Scat dogs have been used over the past two years to survey the Topaz Solar Farm site. These are search dogs that are specifically trained to sniff out and differentiate various kinds of animal droppings.

As a result of the surveys, 153 scat samples have been collected and sent to the Smithsonian Institution in Washington, D.C. DNA analysis of the samples is painting a detailed genetic portrait of the Carrizo kit fox population.

This information will be used as baseline data to determine what effect construction of the sprawling photovoltaic project could have on the endangered kit foxes. First Solar of Tempe, Ariz., has proposed installing solar panels over 4,000 acres at Highway 58 and Bitterwater Road to produce 550 megawatts of power.

“Our goal is that the kit fox population on the project site after construction will be equal to or greater than it is now,” said Alan Bernheimer, First Solar spokesman.

The project is in the crucial permitting phase with construction scheduled to begin later this year. The biological impacts of the project — most notably on the diminutive fox — are one of the main concerns.

Biologist Dan Meade, of the Paso Robles consulting firm Althouse and Meade, heads up the kit fox monitoring effort. He hired the Working Dogs for Conservation Foundation of Three Forks, Mont., to do the scat surveys.

Surveys were done in the late summer or fall of 2009 and 2010. Using a grid pattern, a scat dog ranges ahead of its handler. The dog sits to alert the handler when kit fox scat is found. The droppings are about the size of a person’s little finger, Meade said.

If the scat is eight days old or fresher, it is collected and sent to the Smithsonian Conservation Biology Institution for DNA extraction and analysis. DNA can identify individual foxes, determine the animal’s sex as well as how closely related it is to other foxes in the study area.

After two sampling seasons, preliminary results are in. Of the 153 samples, DNA was extracted from 123. Three were determined to be from a red fox and the remaining 120 were kit fox.

Nineteen individual kit foxes were found in the Topaz Solar Farm area. All but one appeared to permanently occupy the area. The scat of one, a male, was found only once and it is unlikely to live in the study area, Meade said.

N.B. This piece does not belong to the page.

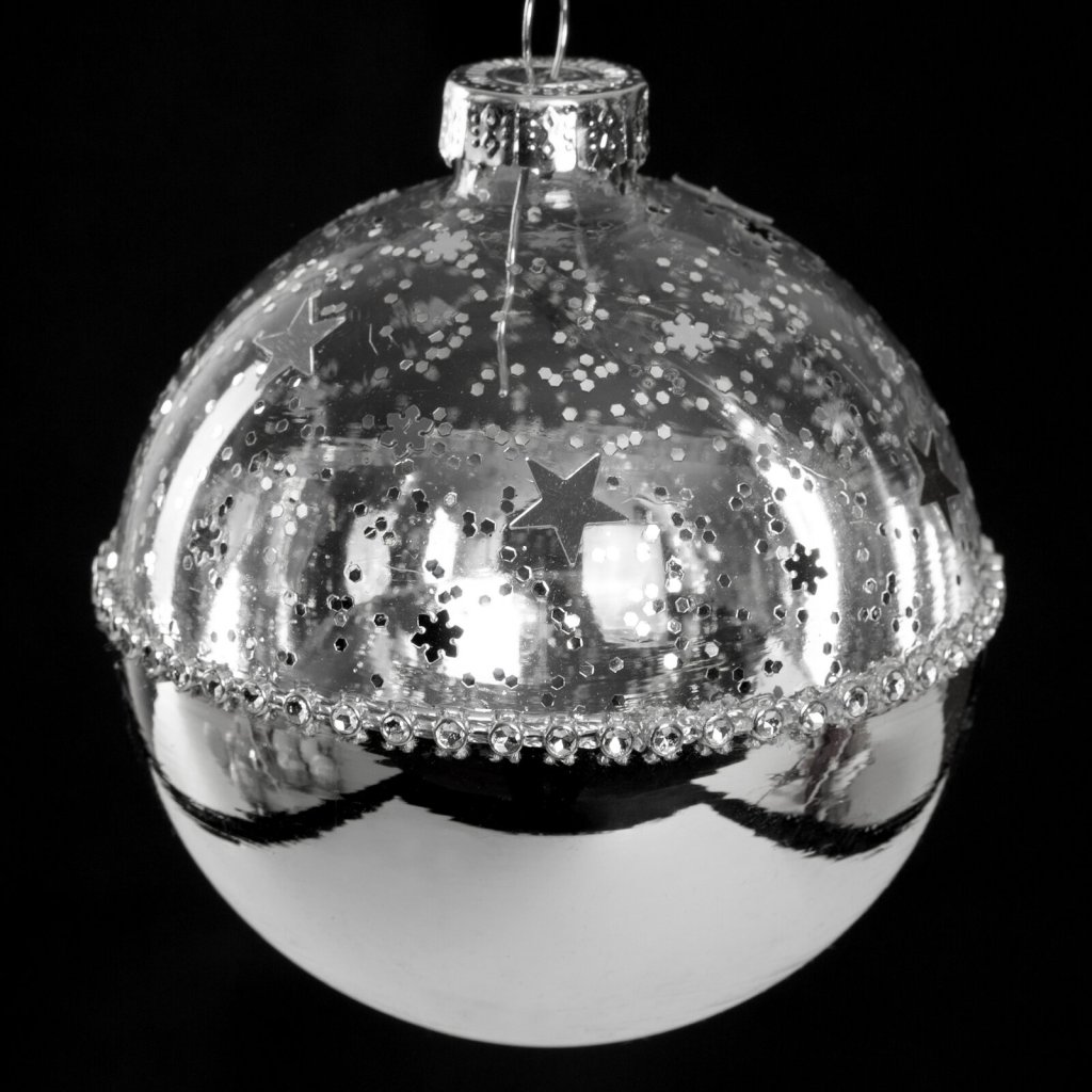 Skleněná vánoční koule je stylová dekorace, která vyniká originálním zpracováním. Horní část je zdobena třpytivými hvězdičkami a jemnými třpytkami, spodní část má elegantní stříbrný povrch. Díky tomuto kontrastu bude koule krásně zářit na vánočním stromku, v aranžmá nebo na věnci a dodá dekoraci luxusní nádech. Snadno ji zkombinujete s dalšími ozdobami ve stříbrné nebo kontrastní barevné paletě.Barva: stříbrná.

Interestingly, the analysis showed a high level of interrelatedness among the foxes. This probably means they are grouped into several large, extended families, wrote Jesus Maldonado, the research geneticist who did the DNA analysis.

It is too early to tell how healthy the kit fox population is, Meade said. Fewer foxes were found in the 2010 survey than in 2009.

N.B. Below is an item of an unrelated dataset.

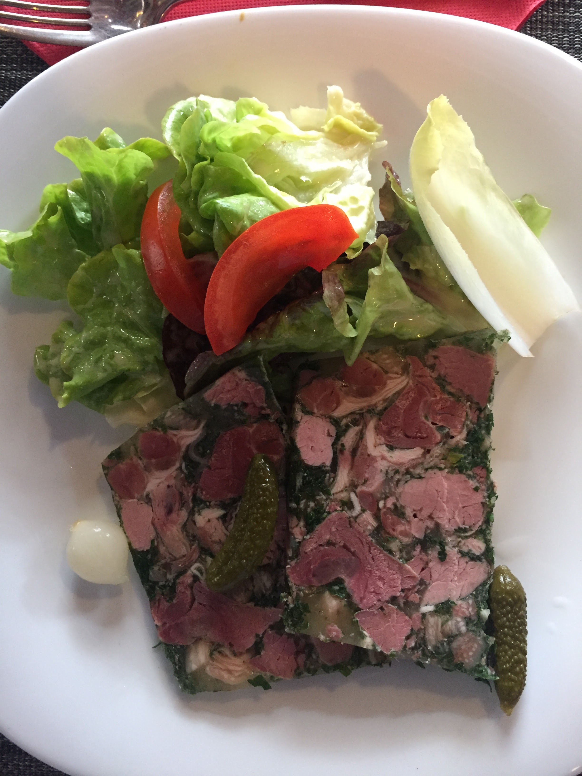 Menu du jour avec plat + dessert 16€ environ, un Jambon persillé avec du goût, juste ce qu'il faut et pour le plat un carré de porcelet champêtre, bonne cuisson accompagné d'une purée de pomme de terre ( fraîche ! ) et de légumes, sauce forestière aux champignons, très agréable. De bons vins aux choix, le cadre est agréable, merci.

This could be due to high levels of mortality in pups, which can be as much as 80 percent. Subsequent surveys will tell biologists more about the foxes’ survival rate and long-term prospects.

“Kit fox scat studies will continue for five years to measure population during project operation,” Bernheimer said.

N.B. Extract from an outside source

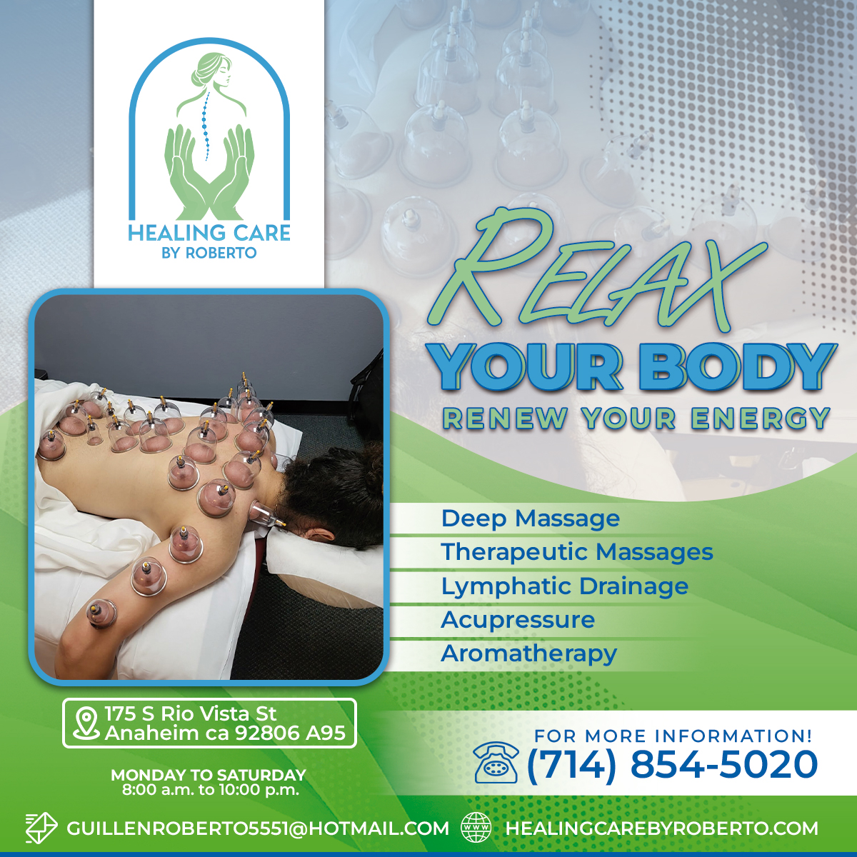 HEALING CARE BY ROBERTO has become a reliable option in Fullerton and neighboring cities, providing therapies such as Deep Massage, Therapeutic Massages, Lymphatic Drainage, Acupressure, and Aromatherapy.

Meanwhile, First Solar plans to make its project as fox-friendly as possible. Planned steps include fencing around the solar arrays through which foxes can pass but not their main predator, the coyote, and controlling vegetation beneath the solar panel arrays.

“The goal is to allow the foxes into the project site,” Meade said.

The company will also replace any grassland — the foxes’ favorite habitat — lost to the project on a 4-to-1 basis as well as conserve farmland lost to the project at a 1-to-1 ratio, Bernheimer said.

First Solar will soon see if its kit fox mitigation efforts are sufficient. The project is tentatively scheduled for a Planning Commission study session Thursday and a hearing March 24.